Now read the following, published nearly 120 years ago:

    The wide diversity of belief in the Protestant churches is regarded by many as decisive proof that no effort to secure a forced uniformity can ever be made. But there has been for years, in churches of the Protestant faith, a strong and growing sentiment in favor of a union based upon common points of doctrine. To secure such a union, the discussion of subjects upon which all were not agreed--however important they might be from a Bible standpoint--must necessarily be waived.

    Charles Beecher, in a sermon in the year 1846, declared that the ministry of "the evangelical Protestant denominations" is "not only formed all the way up under a tremendous pressure of merely human fear, but they live, and move, and breathe in a state of things radically corrupt, and appealing every hour to every baser element of their nature to hush up the truth, and bow the knee to the power of apostasy. Was not this the way things went with Rome? Are we not living her life over again? And what do we see just ahead? Another general council! A world's convention! Evangelical alliance, and universal creed!"--Sermon on "The Bible a Sufficient Creed," delivered at Fort Wayne, Indiana, Feb. 22, 1846. When this shall be gained, then, in the effort to secure complete uniformity, it will be only a step to the resort to force.

    When the leading churches of the United States, uniting upon such points of doctrine as are held by them in common, shall influence the state to enforce their decrees and to sustain their institutions, then Protestant America will have formed an image of the Roman hierarchy, and the infliction of civil penalties upon dissenters will inevitably result.

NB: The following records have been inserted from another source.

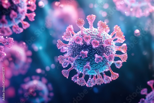 Close-up of a vibrant, magnified virus particle in a colorful background.
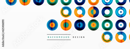 Eye-catching background of colorful circles of equal size arranged in abstract pattern. Circle boasts unique tone or hue, creating rainbow effect. Design has upbeat, contemporary feel
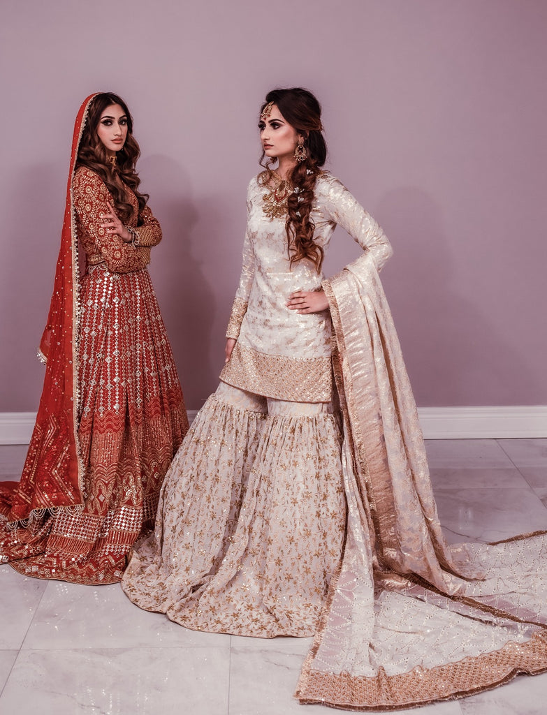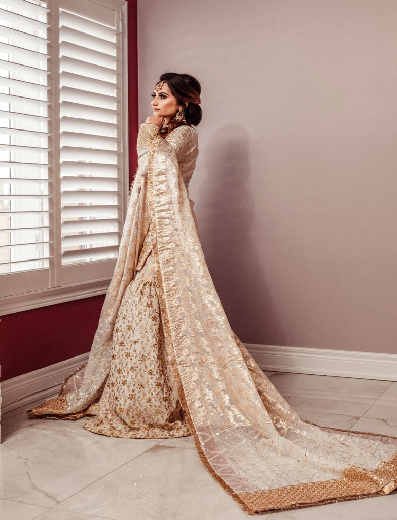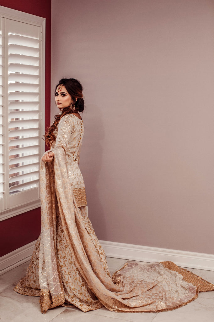A majestic white and gold bridal gharara designed using an array of pure shimmering fabrics. An ode to old world charm & the classic nikkah bride.

    The beast with two horns "causeth [commands] all, both small and great, rich and poor, free and bond, to receive a mark in their right hand, or in their foreheads: and that no man might buy or sell, save he that had the mark, or the name of the beast, or the number of his name." Revelation 13:16, 17. The third angel's warning is: "If any man worship the beast and his image, and receive his mark in his forehead, or in his hand, the same shall drink of the wine of the wrath of God." "The beast" mentioned in this message, whose worship is enforced by the two-horned beast, is the first, or leopardlike beast of Revelation 13--the papacy. The "image to the beast" represents that form of apostate Protestantism which will be developed when the Protestant churches shall seek the aid of the civil power for the enforcement of their dogmas. The "mark of the beast" still remains to be defined.

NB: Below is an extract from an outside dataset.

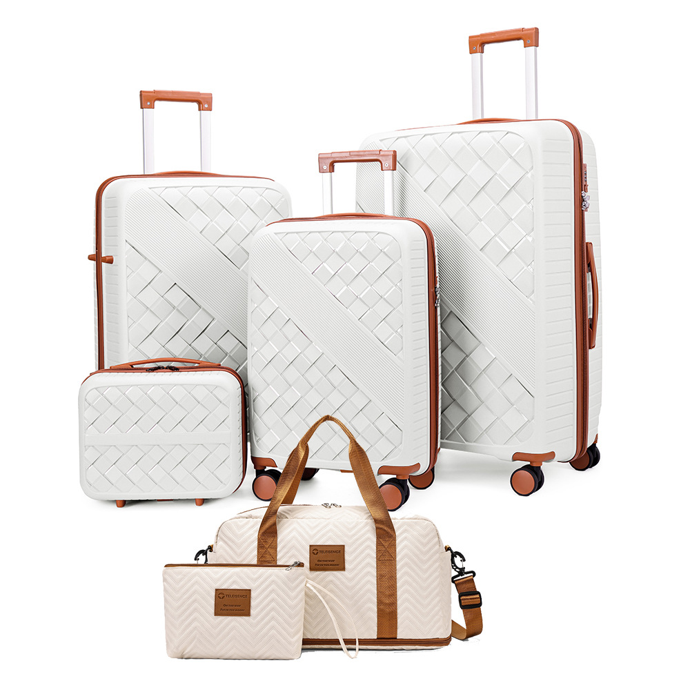 6点セットPP製トロリーケース、耐爆ジッパー、万能ホイール付き旅行用スーツケース、収納ボックスセット、機内持ち込み可能スーツケース

... when Sunday observance shall be enforced by law, and the world shall be enlightened concerning the obligation of the true Sabbath, then whoever shall transgress the command of God, to obey a precept which has no higher authority than that of Rome, will thereby honor popery above God. He is paying homage to Rome, and to the power which enforces the institution ordained by Rome. He is worshipping the beast and his image. As men then reject the institution which God has declared to be the sign of his authority, and honor in its stead that which Rome has chosen as the token of her supremacy, they will thereby accept the sign of allegiance to Rome--"the mark of the beast." And it is not until the issue is thus plainly set before the people, and they are brought to choose between the commandments of God and the commandments of men, that those who continue in transgression will receive "the mark of the beast." -- Great Controversy, by Ellen White, 1888 edition, pgs. 444-445, 449.